Data extracted from a collection:
▼

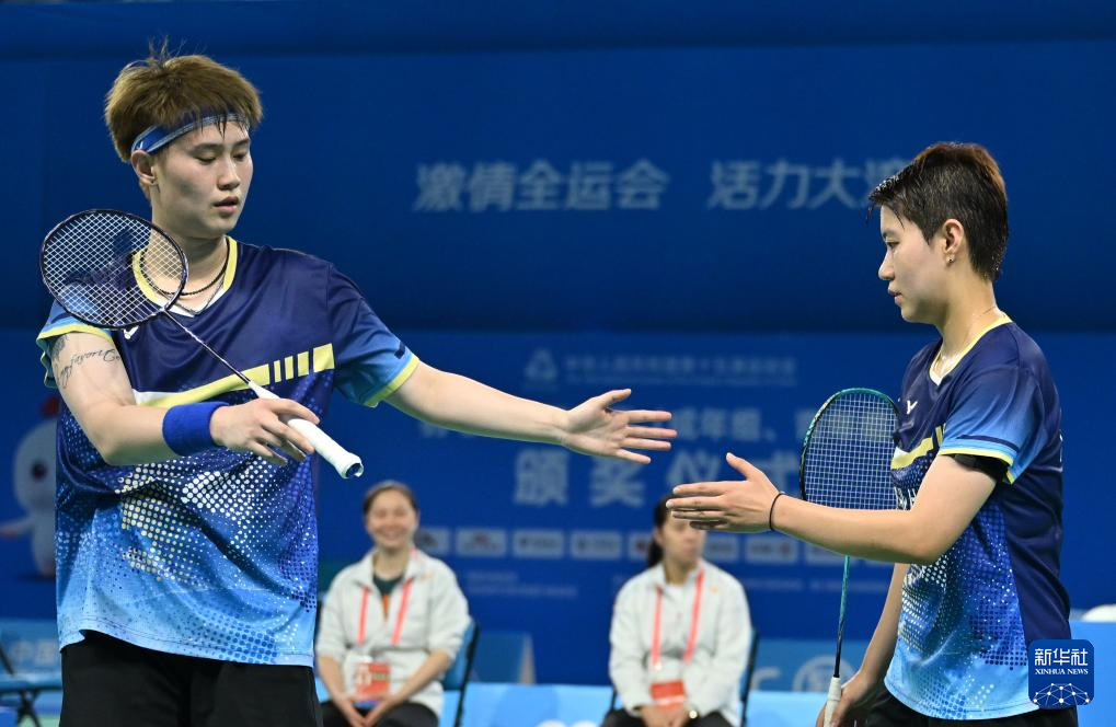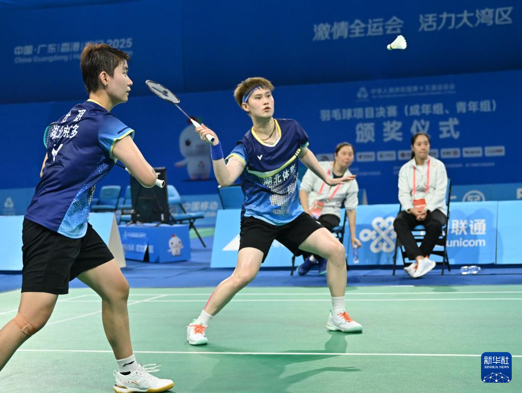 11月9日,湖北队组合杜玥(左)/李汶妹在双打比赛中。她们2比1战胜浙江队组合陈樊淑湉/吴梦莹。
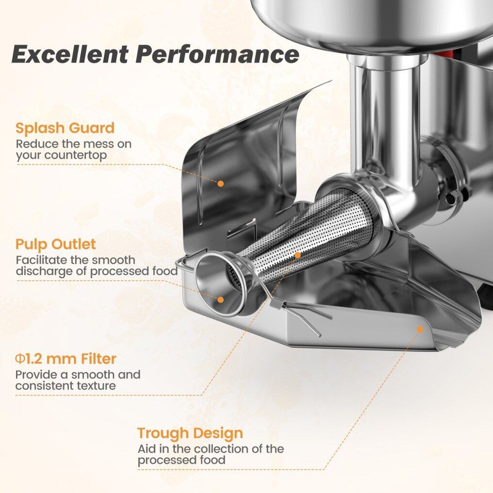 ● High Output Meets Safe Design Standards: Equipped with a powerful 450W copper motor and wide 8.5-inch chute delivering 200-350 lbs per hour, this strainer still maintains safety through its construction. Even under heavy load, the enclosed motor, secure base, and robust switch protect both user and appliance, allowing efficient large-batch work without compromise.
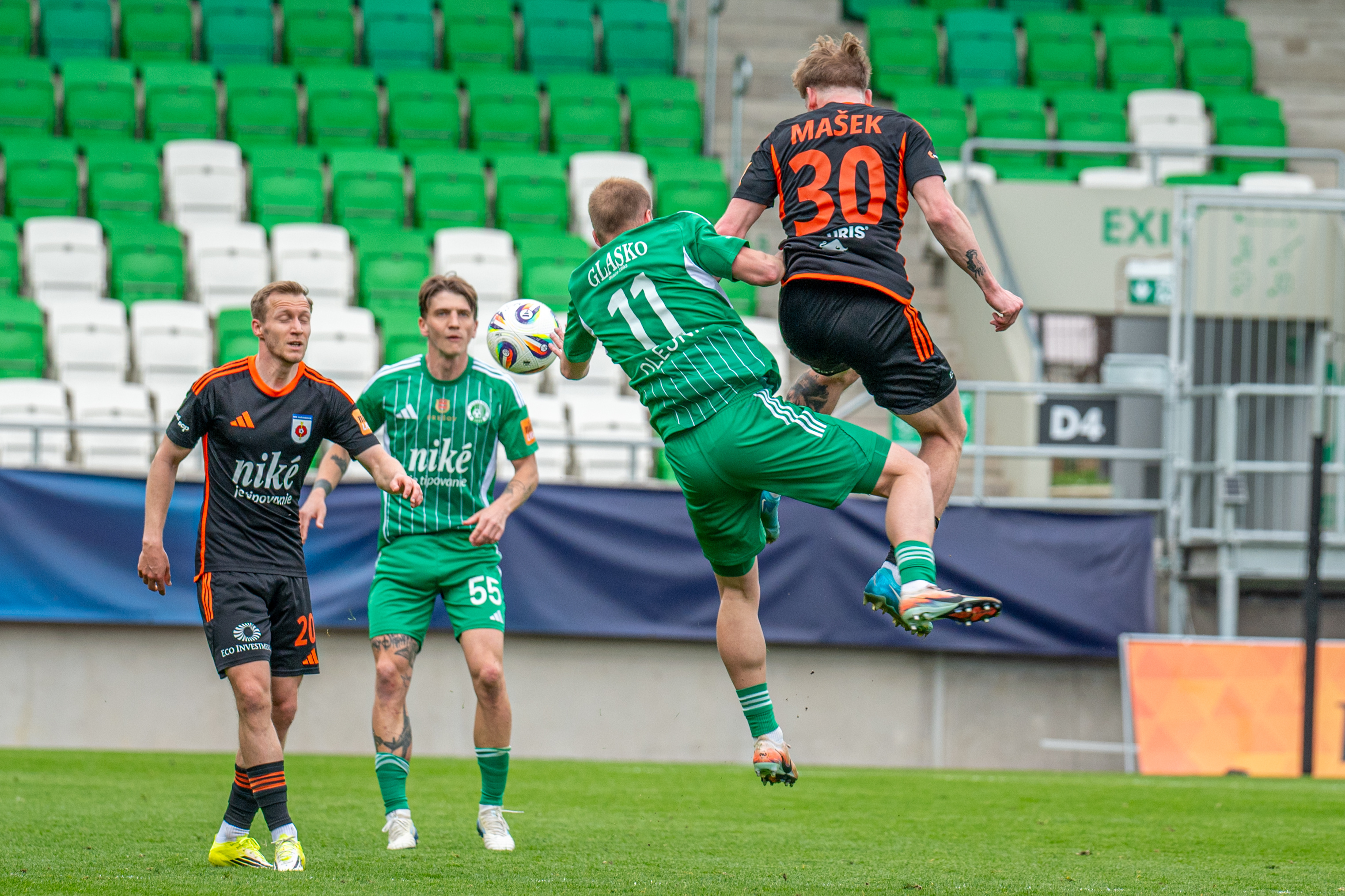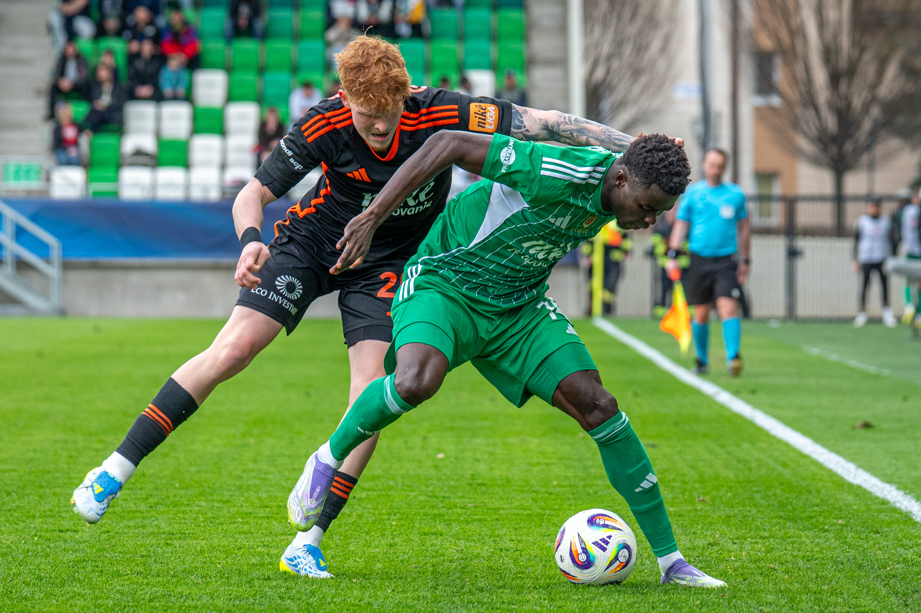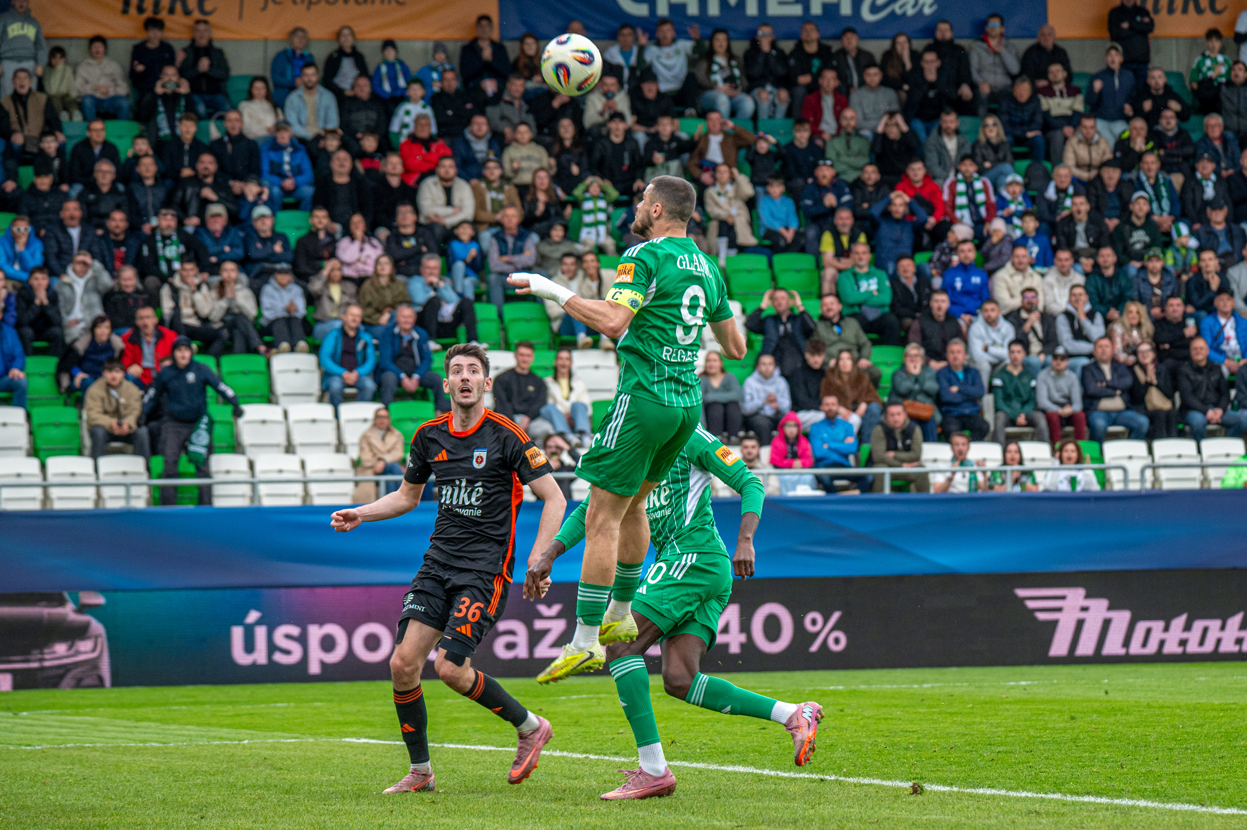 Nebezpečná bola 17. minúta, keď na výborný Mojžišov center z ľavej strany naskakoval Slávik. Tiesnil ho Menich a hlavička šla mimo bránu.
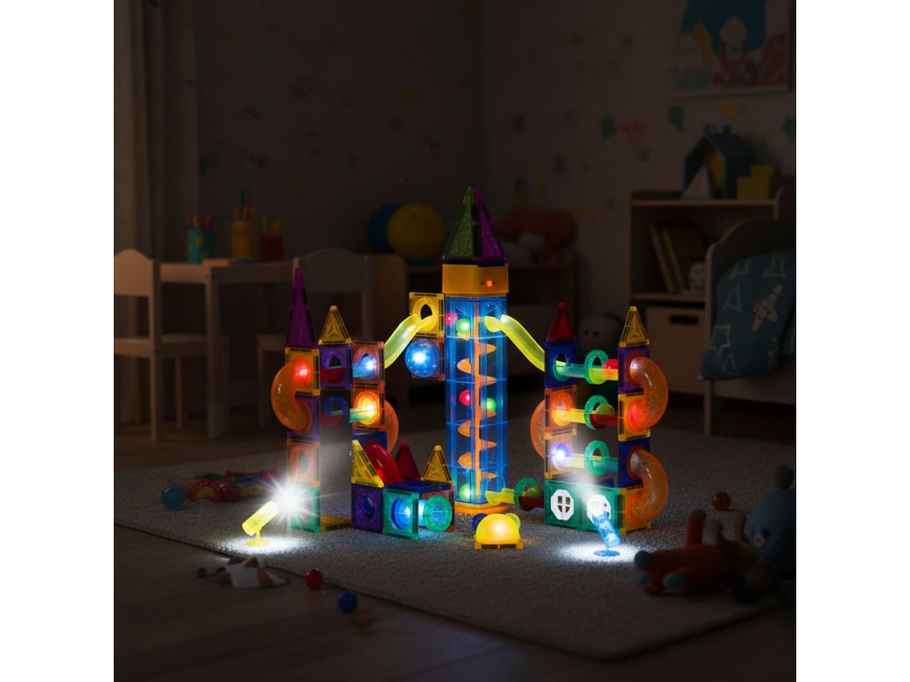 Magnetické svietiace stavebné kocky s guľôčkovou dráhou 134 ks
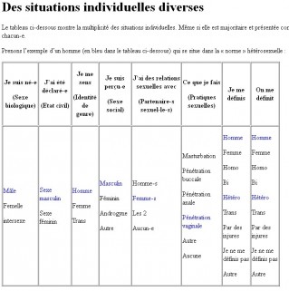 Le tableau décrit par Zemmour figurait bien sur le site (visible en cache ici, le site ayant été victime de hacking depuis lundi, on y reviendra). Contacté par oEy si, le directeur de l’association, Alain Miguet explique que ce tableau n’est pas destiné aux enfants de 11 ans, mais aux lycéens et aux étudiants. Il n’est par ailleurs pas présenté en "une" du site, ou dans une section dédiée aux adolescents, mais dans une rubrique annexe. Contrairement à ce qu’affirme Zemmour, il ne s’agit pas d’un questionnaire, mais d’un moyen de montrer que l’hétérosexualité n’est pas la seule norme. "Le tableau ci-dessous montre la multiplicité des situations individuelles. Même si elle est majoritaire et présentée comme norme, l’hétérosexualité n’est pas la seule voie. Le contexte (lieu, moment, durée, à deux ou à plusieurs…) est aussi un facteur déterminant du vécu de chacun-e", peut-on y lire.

▲

From the records above, transcribe exactly the lines starting at the one containing "work without compromise." and ending at the one containing "Magnetické svietiace stavebné". Skip the pictures.

 ● High Output Meets Safe Design Standards: Equipped with a powerful 450W copper motor and wide 8.5-inch chute delivering 200-350 lbs per hour, this strainer still maintains safety through its construction. Even under heavy load, the enclosed motor, secure base, and robust switch protect both user and appliance, allowing efficient large-batch work without compromise.
 Nebezpečná bola 17. minúta, keď na výborný Mojžišov center z ľavej strany naskakoval Slávik. Tiesnil ho Menich a hlavička šla mimo bránu.
 Magnetické svietiace stavebné kocky s guľôčkovou dráhou 134 ks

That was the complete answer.